If you’re new to property investment you’re likely to start to run into terms and acronyms that you’ve not heard before, such as BTL property. So, what is a BTL property?
BTL stands for “buy-to-let” and refers to properties that are rented out by landlords who want to earn money on their investment. These properties are usually located in desirable areas and are maintained by the owner, rather than the tenant.
Given the current poor rate of returns available to savers, you might be considering investing in a property to create a new income stream. You would buy a property not to live in, but to let out to a tenant.
What is a buy-to-let?
A buy-to-let (BTL) is an investment in a property with the specific aim of retaining ownership and renting it to a tenant or tenants, who pay rent to the landlord.
They could be houses, flats, or house shares, generally found close to popular areas where buying prices are often very high. In those areas, renting has become an affordable living option and the location is typically a deciding factor. For example, for those looking to stay within walking distance of work or to be close to certain facilities.

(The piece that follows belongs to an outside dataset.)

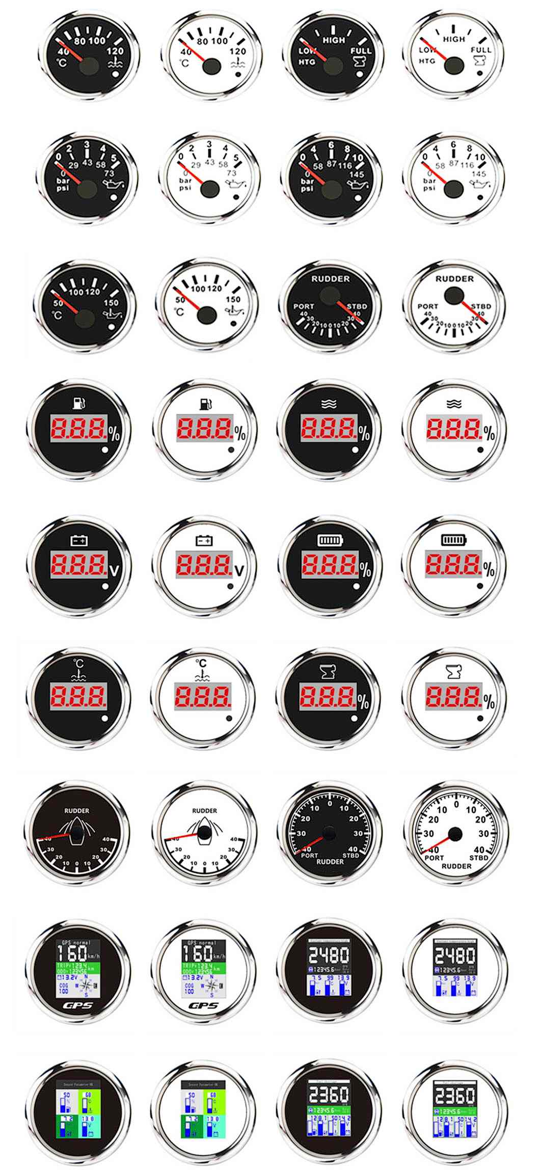 Fuel Gauge GPS 52mm Water Temperature Consumption Tachometer Voltage Pressure Alarm Gauge

The advantage to the tenant is being able to live in a location they might otherwise not be able to afford. The advantage for the landlord is regular income that should not only cover the house costs (e.g. maintenance and mortgage) but also provide a profit.
How does buy to let work?
BTL is a type of ownership where the landlord rents out a property to a tenant and receives a monthly rent payment. The landlord is the legal owner, but the tenant is the one that pays the rent.
When you purchase a property to let out, you become the landlord.
You need to make sure your rental payments are higher than the cost of maintaining and letting agent fees, as well as monthly mortgage repayments. This requires you to do your due diligence before purchasing the property which will involve calculating the yield, but more on that later.
You will also pay Stamp Duty when purchasing a buy-to-let property, and may need to pay for renovation or improvement work before renting it out for the first time.
There are also taxation rules to consider. You will have to declare the income from your second home in a self assessment tax return. If you are unfamiliar with tax returns I highly recommend contacting a chartered accountant for advice, we’d recommend our accountant, Chris Oxley, from UHY Hacker Young
The pros and cons of buy-to-let
There are many reasons why people choose to invest in buy-to-let properties, such as capital gains and rental income. It’s important to be aware of the potential disadvantages of buy-to-let properties before making an investment decision.
Regular Income
The primary reason people invest in BTL properties is to generate a regular income from tenants. It can be seen as a safe haven, providing a steady flow of income that doesn’t rely on market fluctuations.
Of course, that all depends not only on having tenants, but having good tenants who pay their rent on time.
Increased Value
Purchasing to rent is a long term strategy and you don’t just invest in the purchase of the property, you must also keep it well maintained. By doing so you should find your investment grows in value, which means you could turn a tidy profit in the future should you choose to sell it.
The housing market can be unpredictable, but property usually has a long-term value. The key is to invest in the right location, pick the wrong one and you may not see any increase, or worse, your investment may decline in value.
We decided to purchase a few properties in the North East of the UK. We live in Manchester so they are a long way from home. We have a lot of stories to tell about those properties but one thing we wanted to say was that the ROI hasn’t been that great in terms of capital growth. The yield was good when we purchased them but that area has been pretty stagnant growth-wise. We’ve owned the properties for 10 years now and they are only just starting to go up in value. But we figured that if we held them for long enough they would eventually go up in value and we are seeing that now.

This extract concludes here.